Michael C. Moynihan | July 16, 2009
If you were watching the Sotomayor snoozefest today (though, in fairness, it did feature some testimony from clever folks like Ilya Somin and David Kopel), you probably missed Harry C. Alford, president of the National Black Chamber of Commerce, testifying before the Committee on Environment and Public Works about his group's study of the Markey/Waxman Climate Change Bill. When Sen. Barbara Boxer (D-CA) contradicted Alford's concerns about the legislation, she did so by citing a statement from the NAACP and the CEO of 100 Black Men of Atlanta. Translation: There are black people that agree with me too! The witness promptly accuses Boxer of being "racial" by segregating evidence by color, and asks Boxer why she is "trying to put up some other black group to pit against me." A fair point, though one wonders why, if Alford believes that there is no racial component to such issues, his group is called the National Black Chamber of Commerce.

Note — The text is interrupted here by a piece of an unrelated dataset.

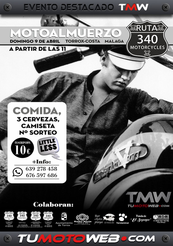 Si aún no conoces los Motoalmuerzos Ruta 340 Motorcycles que organizan nuestros amigos Nancy y Faly de Ruta 340 Motorcycles, desde hace una década en la localidad de Torrox-Costa (Málaga), puedes echar un vistazo al especial fotográfico realizado por Tumotoweb.com en dicho evento motero.

"We are referring to the experts regardless of their color. And for someone to tell me, an African-American, college-educated veteran of the United States Army that I must contend with some other black group and put aside everything else in here—this has nothing to do with the NAACP and really has nothing to do with the National Black Chamber of Commerce. We're talking energy and that road the chair went down, I think, is god-awful."